Transcribe, exactly and in full, every line from the one including "ブラックのボディカラーにタン" to the end of the listing.
^^^^^^^^
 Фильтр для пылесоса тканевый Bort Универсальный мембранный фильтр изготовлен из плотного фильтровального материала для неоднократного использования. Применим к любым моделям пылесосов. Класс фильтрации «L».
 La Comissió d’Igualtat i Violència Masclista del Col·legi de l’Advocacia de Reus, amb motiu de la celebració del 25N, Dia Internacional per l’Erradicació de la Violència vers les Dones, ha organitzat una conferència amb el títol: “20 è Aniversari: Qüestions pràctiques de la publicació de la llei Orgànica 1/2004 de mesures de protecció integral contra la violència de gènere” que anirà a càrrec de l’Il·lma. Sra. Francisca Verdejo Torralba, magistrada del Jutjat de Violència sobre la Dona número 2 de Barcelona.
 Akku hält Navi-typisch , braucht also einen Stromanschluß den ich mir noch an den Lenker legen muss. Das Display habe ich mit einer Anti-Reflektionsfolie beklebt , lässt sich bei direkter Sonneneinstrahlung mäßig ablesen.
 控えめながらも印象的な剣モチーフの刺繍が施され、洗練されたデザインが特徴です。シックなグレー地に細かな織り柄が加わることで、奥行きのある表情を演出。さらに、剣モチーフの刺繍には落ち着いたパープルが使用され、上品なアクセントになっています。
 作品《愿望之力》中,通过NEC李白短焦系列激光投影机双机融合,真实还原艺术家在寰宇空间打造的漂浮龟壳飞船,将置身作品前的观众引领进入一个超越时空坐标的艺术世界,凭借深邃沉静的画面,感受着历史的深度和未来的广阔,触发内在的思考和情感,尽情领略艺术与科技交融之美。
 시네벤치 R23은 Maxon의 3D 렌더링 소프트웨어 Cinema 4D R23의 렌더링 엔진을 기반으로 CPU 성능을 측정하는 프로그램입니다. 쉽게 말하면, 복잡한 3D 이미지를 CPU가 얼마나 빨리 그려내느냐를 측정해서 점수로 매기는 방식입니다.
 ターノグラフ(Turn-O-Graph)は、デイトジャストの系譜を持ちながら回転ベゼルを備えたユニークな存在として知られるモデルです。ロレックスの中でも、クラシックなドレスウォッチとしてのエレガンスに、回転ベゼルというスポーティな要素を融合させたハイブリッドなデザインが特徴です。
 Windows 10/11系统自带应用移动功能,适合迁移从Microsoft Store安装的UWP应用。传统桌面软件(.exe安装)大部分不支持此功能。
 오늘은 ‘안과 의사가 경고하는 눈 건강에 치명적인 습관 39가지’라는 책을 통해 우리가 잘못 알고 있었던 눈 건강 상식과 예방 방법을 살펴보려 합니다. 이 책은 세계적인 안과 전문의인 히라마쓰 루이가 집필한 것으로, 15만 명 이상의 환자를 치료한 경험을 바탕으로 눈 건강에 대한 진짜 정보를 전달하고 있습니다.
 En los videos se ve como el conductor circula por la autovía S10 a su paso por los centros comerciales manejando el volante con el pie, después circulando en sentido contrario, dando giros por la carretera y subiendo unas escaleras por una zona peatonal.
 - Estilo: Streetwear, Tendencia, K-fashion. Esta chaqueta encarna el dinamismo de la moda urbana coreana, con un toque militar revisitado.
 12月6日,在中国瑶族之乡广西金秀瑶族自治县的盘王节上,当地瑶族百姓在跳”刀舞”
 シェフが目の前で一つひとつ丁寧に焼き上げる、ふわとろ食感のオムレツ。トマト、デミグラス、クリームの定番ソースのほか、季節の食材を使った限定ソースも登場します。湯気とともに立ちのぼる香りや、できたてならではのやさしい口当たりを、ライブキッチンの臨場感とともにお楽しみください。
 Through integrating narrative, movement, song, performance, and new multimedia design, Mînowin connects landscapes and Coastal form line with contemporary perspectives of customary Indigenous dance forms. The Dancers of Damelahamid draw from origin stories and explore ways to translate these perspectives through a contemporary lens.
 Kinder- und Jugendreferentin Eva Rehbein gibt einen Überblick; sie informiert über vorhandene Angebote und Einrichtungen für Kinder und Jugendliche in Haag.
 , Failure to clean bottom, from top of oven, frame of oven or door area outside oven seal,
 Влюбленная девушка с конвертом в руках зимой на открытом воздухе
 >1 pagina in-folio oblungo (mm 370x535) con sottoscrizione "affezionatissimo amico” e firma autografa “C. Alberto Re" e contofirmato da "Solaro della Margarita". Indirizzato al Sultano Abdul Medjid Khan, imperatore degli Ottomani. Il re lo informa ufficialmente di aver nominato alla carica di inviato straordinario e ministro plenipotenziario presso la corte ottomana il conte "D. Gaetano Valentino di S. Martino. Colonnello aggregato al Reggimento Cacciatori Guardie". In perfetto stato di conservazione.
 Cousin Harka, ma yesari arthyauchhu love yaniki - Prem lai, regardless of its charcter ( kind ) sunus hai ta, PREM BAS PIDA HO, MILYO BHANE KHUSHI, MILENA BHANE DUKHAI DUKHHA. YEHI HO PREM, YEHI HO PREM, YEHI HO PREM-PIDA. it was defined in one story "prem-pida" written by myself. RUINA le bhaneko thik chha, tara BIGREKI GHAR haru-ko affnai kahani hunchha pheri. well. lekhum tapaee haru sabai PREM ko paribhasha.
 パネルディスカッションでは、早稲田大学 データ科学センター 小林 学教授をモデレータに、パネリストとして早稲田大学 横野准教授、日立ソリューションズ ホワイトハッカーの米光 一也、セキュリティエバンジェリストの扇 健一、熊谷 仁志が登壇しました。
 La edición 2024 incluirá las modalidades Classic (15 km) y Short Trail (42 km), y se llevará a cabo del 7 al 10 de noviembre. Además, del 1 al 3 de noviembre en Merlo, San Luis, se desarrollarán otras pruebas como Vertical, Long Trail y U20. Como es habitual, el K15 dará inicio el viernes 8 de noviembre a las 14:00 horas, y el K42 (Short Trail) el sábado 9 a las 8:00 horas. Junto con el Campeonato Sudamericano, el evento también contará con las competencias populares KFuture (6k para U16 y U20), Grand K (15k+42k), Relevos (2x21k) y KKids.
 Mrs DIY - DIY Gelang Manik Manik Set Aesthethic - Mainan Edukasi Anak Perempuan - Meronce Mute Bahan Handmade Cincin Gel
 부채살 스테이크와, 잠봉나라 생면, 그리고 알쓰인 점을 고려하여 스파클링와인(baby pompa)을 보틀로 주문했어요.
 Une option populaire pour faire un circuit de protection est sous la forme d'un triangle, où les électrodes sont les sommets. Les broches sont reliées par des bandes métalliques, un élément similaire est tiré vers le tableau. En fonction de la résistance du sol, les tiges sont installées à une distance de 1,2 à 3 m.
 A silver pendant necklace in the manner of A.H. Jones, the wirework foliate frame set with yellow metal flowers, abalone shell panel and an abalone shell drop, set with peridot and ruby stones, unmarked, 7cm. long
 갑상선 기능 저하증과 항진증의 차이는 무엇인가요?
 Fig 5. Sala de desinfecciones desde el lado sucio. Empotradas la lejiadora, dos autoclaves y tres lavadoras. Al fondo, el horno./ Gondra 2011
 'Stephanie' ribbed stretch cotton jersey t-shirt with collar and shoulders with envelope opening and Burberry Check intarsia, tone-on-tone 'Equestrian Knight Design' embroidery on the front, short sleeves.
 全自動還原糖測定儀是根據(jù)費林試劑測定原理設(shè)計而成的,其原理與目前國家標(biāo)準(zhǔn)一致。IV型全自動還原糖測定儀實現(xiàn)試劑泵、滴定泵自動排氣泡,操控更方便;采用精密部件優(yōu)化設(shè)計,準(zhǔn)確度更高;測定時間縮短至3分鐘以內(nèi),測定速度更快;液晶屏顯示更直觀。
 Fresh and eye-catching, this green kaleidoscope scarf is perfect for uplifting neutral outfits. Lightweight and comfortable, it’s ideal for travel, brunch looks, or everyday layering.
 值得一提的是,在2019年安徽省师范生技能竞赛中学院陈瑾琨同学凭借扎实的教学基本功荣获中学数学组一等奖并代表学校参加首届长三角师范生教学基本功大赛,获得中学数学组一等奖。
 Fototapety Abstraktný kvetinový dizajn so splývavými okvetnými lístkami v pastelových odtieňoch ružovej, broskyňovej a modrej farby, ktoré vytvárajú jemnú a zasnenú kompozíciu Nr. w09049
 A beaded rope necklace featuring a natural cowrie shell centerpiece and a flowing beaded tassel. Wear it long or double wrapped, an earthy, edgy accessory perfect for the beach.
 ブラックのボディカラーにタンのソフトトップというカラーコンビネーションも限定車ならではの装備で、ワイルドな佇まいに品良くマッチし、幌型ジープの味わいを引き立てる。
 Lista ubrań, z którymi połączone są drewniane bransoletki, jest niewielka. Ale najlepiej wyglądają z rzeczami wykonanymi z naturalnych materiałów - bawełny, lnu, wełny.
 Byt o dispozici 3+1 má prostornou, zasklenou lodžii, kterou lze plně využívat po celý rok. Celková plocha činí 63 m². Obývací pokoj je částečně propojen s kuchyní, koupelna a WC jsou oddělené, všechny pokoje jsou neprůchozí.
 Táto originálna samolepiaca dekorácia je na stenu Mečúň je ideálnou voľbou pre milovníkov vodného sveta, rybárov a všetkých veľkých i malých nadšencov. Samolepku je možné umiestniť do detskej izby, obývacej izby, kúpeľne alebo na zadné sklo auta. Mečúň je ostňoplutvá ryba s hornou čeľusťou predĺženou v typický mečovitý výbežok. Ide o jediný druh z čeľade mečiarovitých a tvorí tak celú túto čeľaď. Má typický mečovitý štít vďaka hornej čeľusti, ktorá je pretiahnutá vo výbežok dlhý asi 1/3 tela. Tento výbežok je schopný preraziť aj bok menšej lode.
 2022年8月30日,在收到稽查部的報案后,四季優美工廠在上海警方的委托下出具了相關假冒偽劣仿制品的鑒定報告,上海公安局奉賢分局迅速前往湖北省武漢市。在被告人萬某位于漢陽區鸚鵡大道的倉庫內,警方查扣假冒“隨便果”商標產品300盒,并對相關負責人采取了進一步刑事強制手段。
^^^^^^^^
Solution for this problem
 ブラックのボディカラーにタンのソフトトップというカラーコンビネーションも限定車ならではの装備で、ワイルドな佇まいに品良くマッチし、幌型ジープの味わいを引き立てる。
 Lista ubrań, z którymi połączone są drewniane bransoletki, jest niewielka. Ale najlepiej wyglądają z rzeczami wykonanymi z naturalnych materiałów - bawełny, lnu, wełny.
 Byt o dispozici 3+1 má prostornou, zasklenou lodžii, kterou lze plně využívat po celý rok. Celková plocha činí 63 m². Obývací pokoj je částečně propojen s kuchyní, koupelna a WC jsou oddělené, všechny pokoje jsou neprůchozí.
 Táto originálna samolepiaca dekorácia je na stenu Mečúň je ideálnou voľbou pre milovníkov vodného sveta, rybárov a všetkých veľkých i malých nadšencov. Samolepku je možné umiestniť do detskej izby, obývacej izby, kúpeľne alebo na zadné sklo auta. Mečúň je ostňoplutvá ryba s hornou čeľusťou predĺženou v typický mečovitý výbežok. Ide o jediný druh z čeľade mečiarovitých a tvorí tak celú túto čeľaď. Má typický mečovitý štít vďaka hornej čeľusti, ktorá je pretiahnutá vo výbežok dlhý asi 1/3 tela. Tento výbežok je schopný preraziť aj bok menšej lode.
 2022年8月30日,在收到稽查部的報案后,四季優美工廠在上海警方的委托下出具了相關假冒偽劣仿制品的鑒定報告,上海公安局奉賢分局迅速前往湖北省武漢市。在被告人萬某位于漢陽區鸚鵡大道的倉庫內,警方查扣假冒“隨便果”商標產品300盒,并對相關負責人采取了進一步刑事強制手段。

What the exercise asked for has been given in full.